# [xorg] ati-drivers, glx e l'opengl-update [RISOLTO]

## theRealMorpheu5

Intanto chiedo scusa, questo sarà il millesimo post su questo argomento ma sembra che la soluzione non si sia trovata...

Ho fatto come da manuale:

```
# opengl-update xorg-x11

# emerge ati-drivers

# opengl-update ati

# startx
```

Ma il risultato è più o meno questo:

```
(EE) Failed to load module "glx" (module does not exist, 0)

(WW) fglrx: No matching Device section for instance (BusID PCI:1:0:1) found

Symbol __glXActiveScreens from module /usr/X11R6/lib/modules/extensions/libdri.a is unresolved!

Symbol __glXActiveScreens from module /usr/X11R6/lib/modules/extensions/libdri.a is unresolved!

Symbol __glXActiveScreens from module /usr/X11R6/lib/modules/drivers/fglrx_drv.o is unresolved!

Could not init font path element /usr/X11R6/lib/X11/fonts/local/, removing from

list!

Could not init font path element /usr/X11R6/lib/X11/fonts/Type1/, removing from

list!

Could not init font path element /usr/X11R6/lib/X11/fonts/Speedo/, removing from list!
```

Ora, tralasciando la questione dei font che cercherò di risolvere un'altra volta, io ho fatto tutti i ln -sf possibili e immaginabili, ho emerso mille cose, ho spulciato il file di configurazione, ho usato fglrxconfig che con xfree aveva funzionato... ma non capisco dove dovrebbe essere questo modulo glx che non si trova... nel kernel (2.6) ho compilato giusto giusto il FB VESA...  il supporto AGP ce l'ho messo perché viene rilevato perfettamente.
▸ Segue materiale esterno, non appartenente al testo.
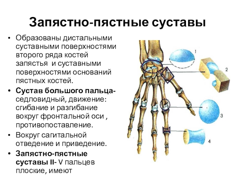 Запястно-пястные суставы II- V пальцев плоские, имеют незначительную подвижность.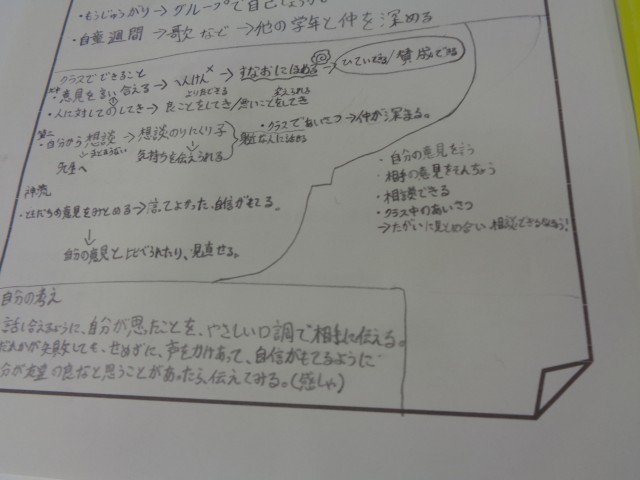 その後、一貫校毎に分かれての班別協議では、自分の考えを発表しあい、意見交流を行いました。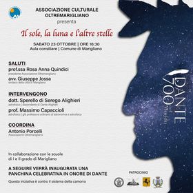 Il 23 ottobre alle ore 16.30, nella sala consiliare del palazzo comunale di Marigliano si terrà un incontro interamente dedicato a Dante Alighieri, attraverso il contributo di due autorevoli ospiti: il Conte Sperello di Serego Alighieri, astrofisico e discendente di Dante e il prof. Massimo Capaccioli, già docente di astrofisica e astronomia presso le Università di Padova e di Napoli.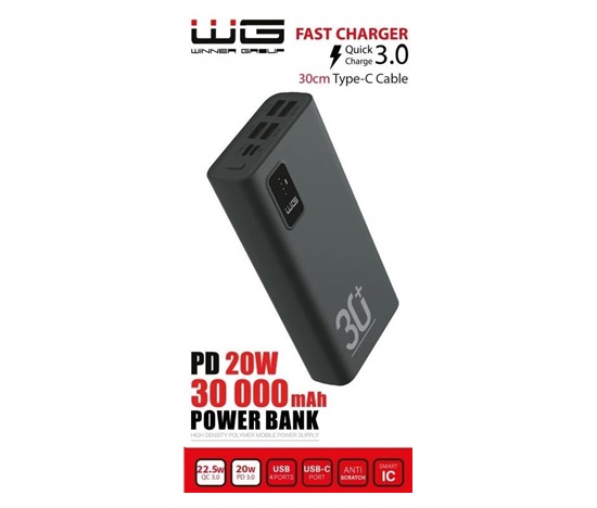 WG – Power Bank 30000 mAh, USB-C PD 20W, černá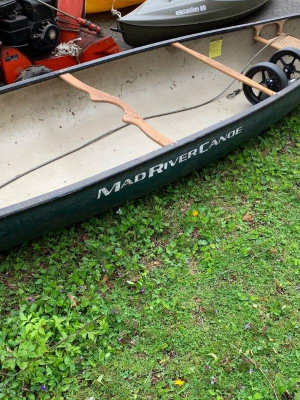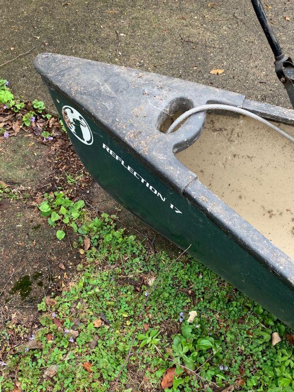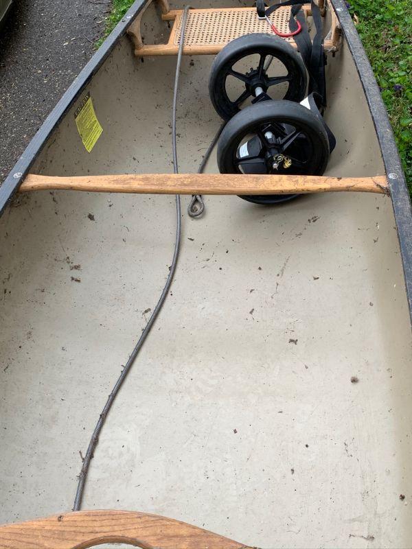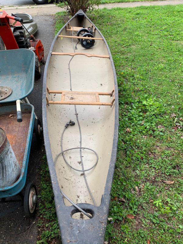 17 foot fiberglass canoe with double wicker seats , nice condition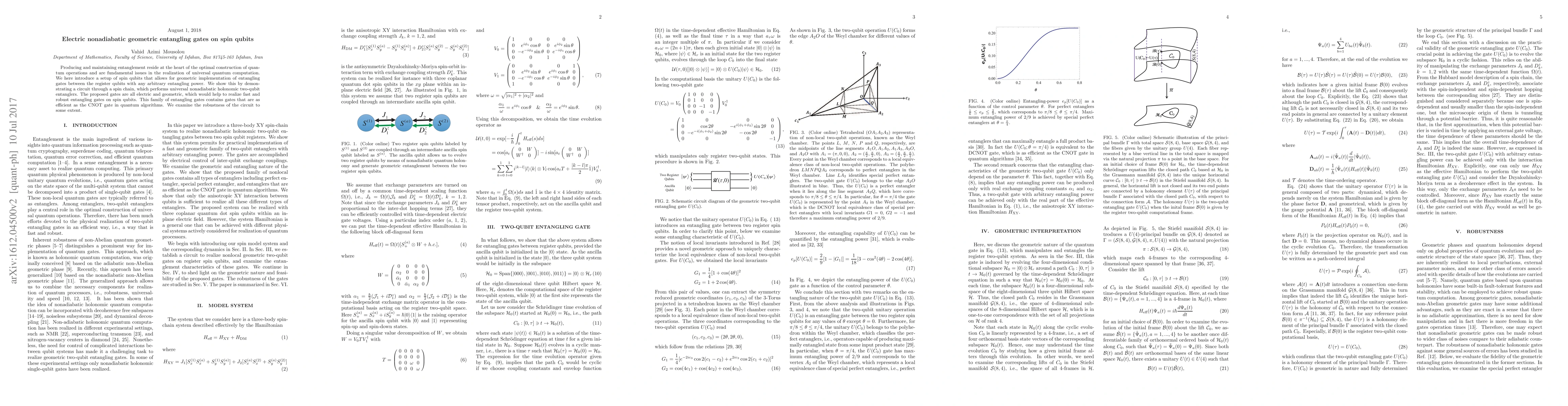 This paper proposes a method for implementing fast and robust electric nonadiabatic geometric entangling gates on spin qubits using a spin chain circuit. The geometric entangling gates demonstrated are universal and as efficient as the CNOT gate for quantum algorithms, with some examination of the circuit's robustness.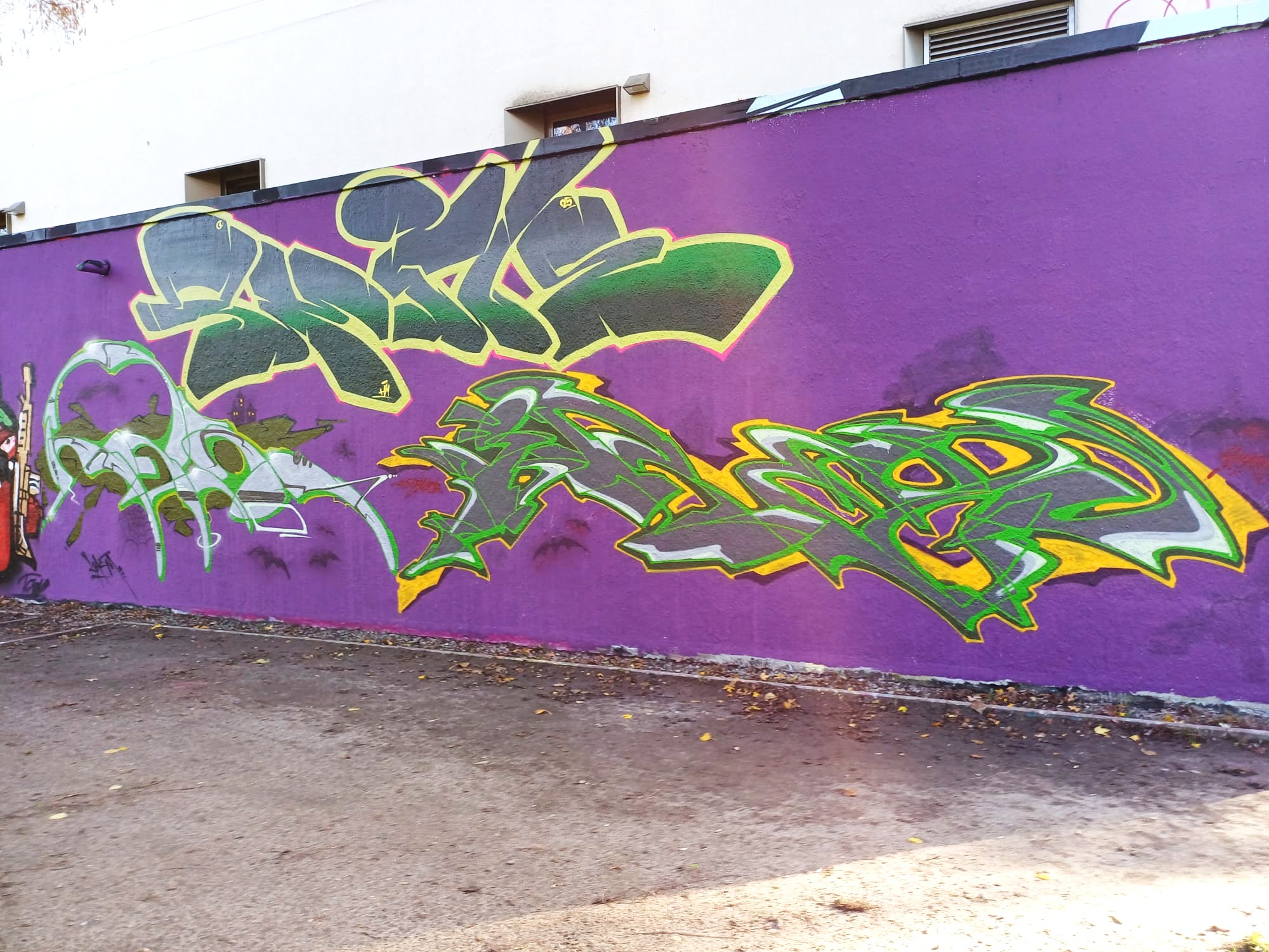 The graffiti on the far left are from MEKO and SMILE, and the graffiti on the right is from KIMS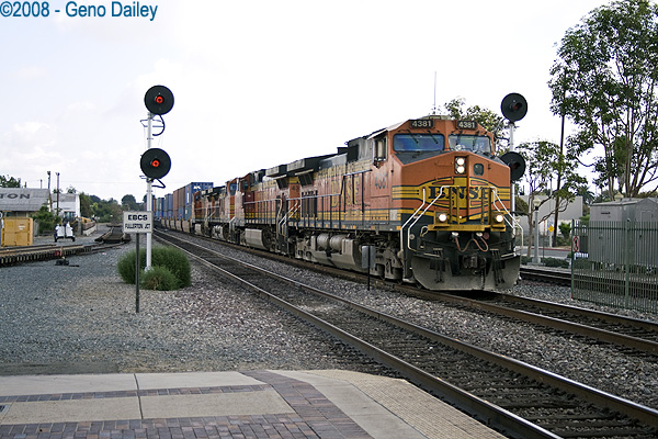 One of the many dozens of BNSF freights that pass by Fullerton each day. |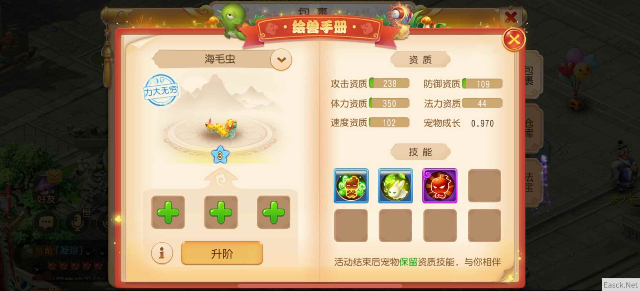 绘兽手册,日积月累梦想成真 在3月19日~4月3日,等级≥40级的玩家还将获得一本绘兽手册。只要在活动期间,玩家根据线索,将特定的绘制图案画在封印上,即可获得大海龟或海毛虫。 接下来,玩家还可以通过完成对应日常任务,解锁培养材料,将其进行培养升星,使其获得更高的资质和更多的技能。在活动结束后,这些萌宠就将成为玩家真正的宠物,并为玩家送上一份神秘大礼!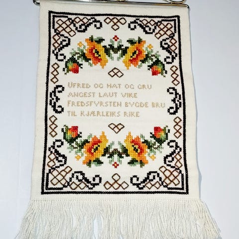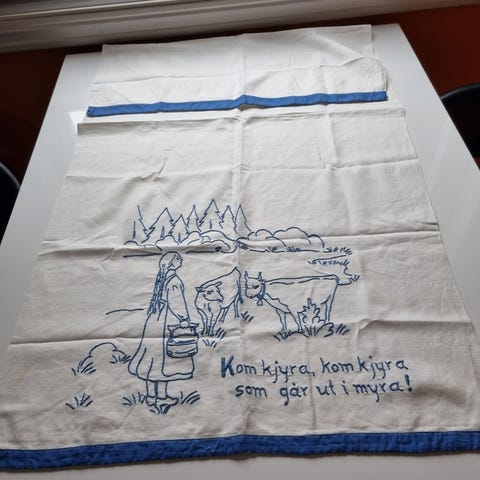 Eldre brodert åkle / pyntehåndkle. Selges uten stativet det henger på på bildet. Noe slitasje/småflekker i stoffet (se bilder). Bredde: ca 54 cm. Total lengde: ca 102 cm, men skal henge delvis brettet, så da blir lengden/høyden ca 80 cm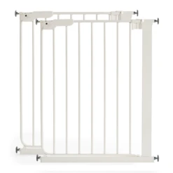 This Super Slim Fit safety Gate Fits narrow openings of 60.5-66.5cm. Large walk through area. Triple locking one handed opening system. Made in Denmark from the best quality Italian Steel. PVC Free, No harmful substances at all, even when you little one decides to sooth their gums on the cool gate. Everything is in the box you need to fit this gate (no additional tools required). Suitable for use: 0-24 months. Fully complies with the latest safety regulations EN1930:2011.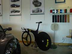 The famous Lotus Bike that helped Britain win an olympic gold medal! We also spy the new suspension, which you can now order from Lotus Motorsport and sent directly to your door! A Gearbox at the enterance with some soapbox racers in the background.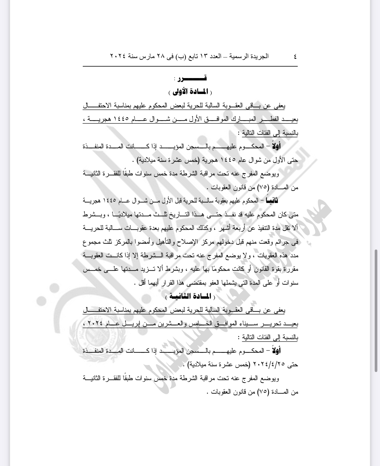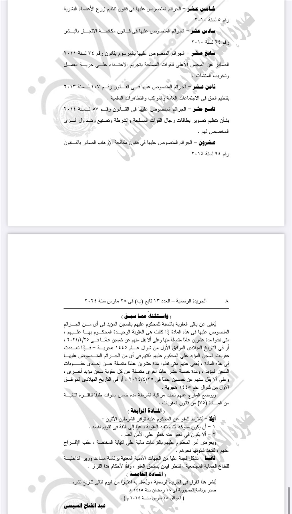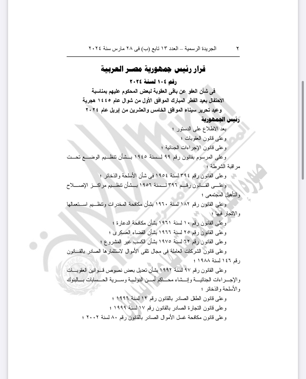 أصدر الرئيس عبد الفتاح السيسى القرار رقم 104 لسنة 2024 فى شأن باقي العقوبة لبعض المحكوم عليهم بمناسبة الاحتفال بعيد الفطر المبارك الموافق الأول من شوال عام 1445هجرية وعيد تحرير سيناء الموافق الخامس والعشرين من أبريل عام 2024.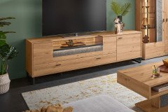 - Lowboard mit 1 Holztür, 1 Klappe (oben) mit Glasausschnitten (Front und Deckblatt), 1 Doppelschubkasten und 1 Einlegeboden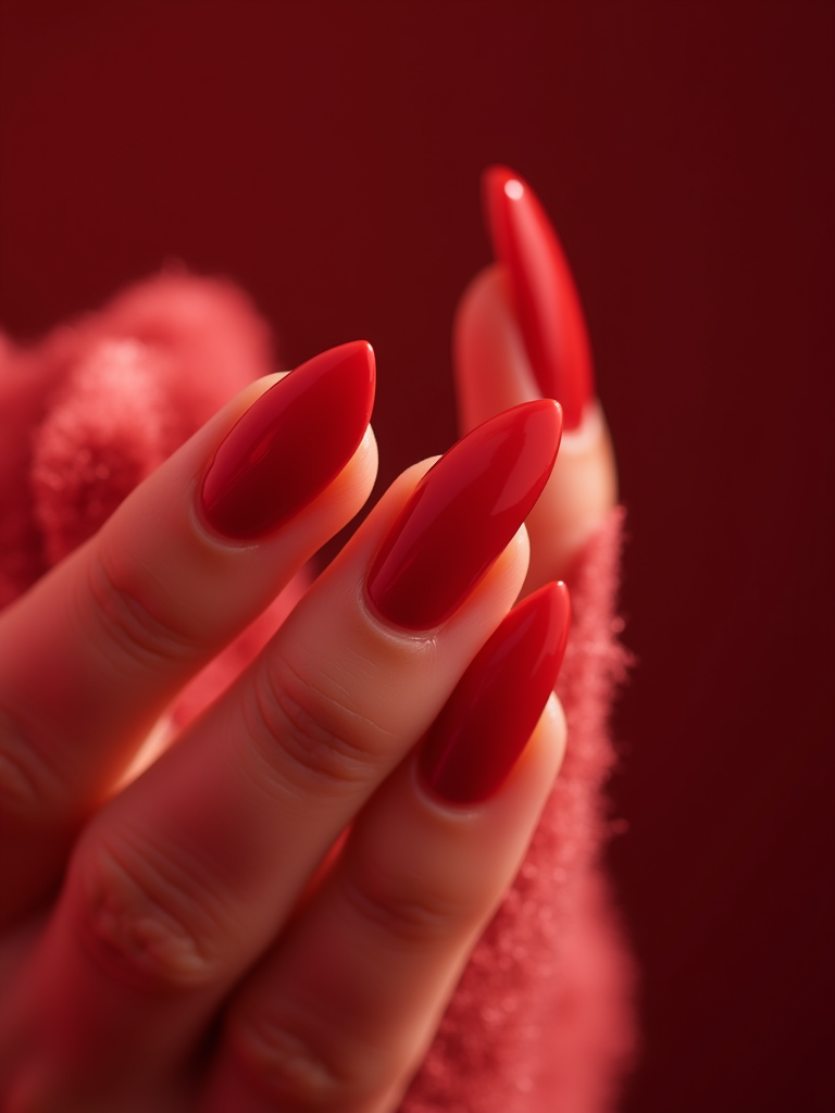 red velvet almond-shaped nails, beauty studio setting, rich red tones, soft bokeh background, posed fingers showcasing nail curve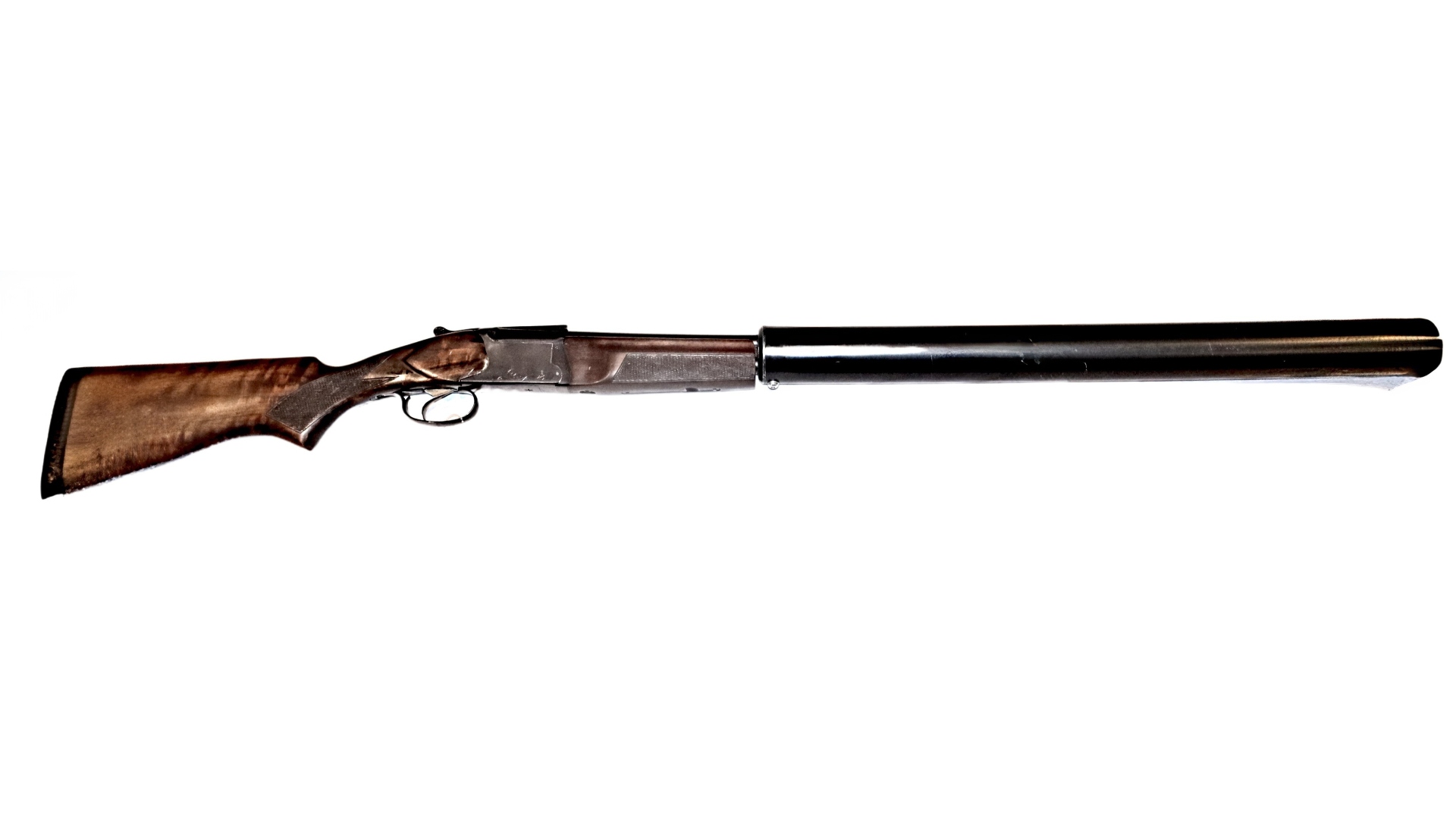 Hard to find 20 bore over and under that has been fitted with a full length moderator. The gun is a basic Baikal over and under.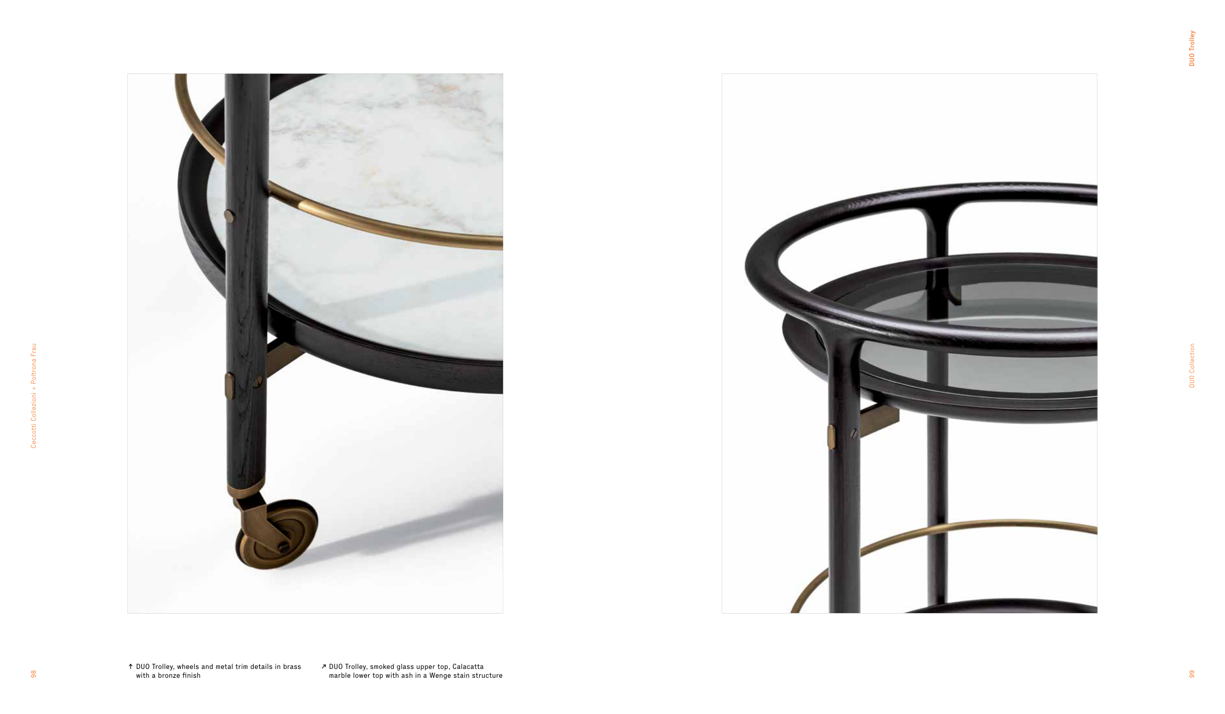 DUO Trolley 99 DUO Collection 98 Ceccotti Collezioni + Poltrona Frau ↗ DUO Trolley, smoked glass upper top, Calacatta marble lower top with ash in a Wenge stain structure ↑ DUO Trolley, wheels and metal trim details in brass with a bronze finish

Ho letto tutto lo scibile che ho trovato a riguardo ma non c'è stato verso di risolvere... siccome ho una Radeon 9800 SE, non posso usare i driver di xorg o del kernel o di chissà che, devo usare quelli CS della ATI. Qualche idea su come uscirne?Last edited by theRealMorpheu5 on Sun May 23, 2004 11:46 am; edited 1 time in total

----------

## fedeliallalinea

Per i font il nuovo path e' /usr/share/fonts. Per il problema di open-gl prova a dare il comando

```
# ln -s /usr/lib/opengl/xorg-x11 /usr/lib/opengl/xfree
```

----------

## theRealMorpheu5

Ho risolto il problema dell'accelerazione smergiando e riemergiando tutto quanto. Ho messo su i driver ~x86 che non avevano la dipendenza da xfree e xorg non mi ha dato alcun problema. Ora runno glxgears a circa 500 FPS. Non è un granché ma sempre meglio degli 80 di prima...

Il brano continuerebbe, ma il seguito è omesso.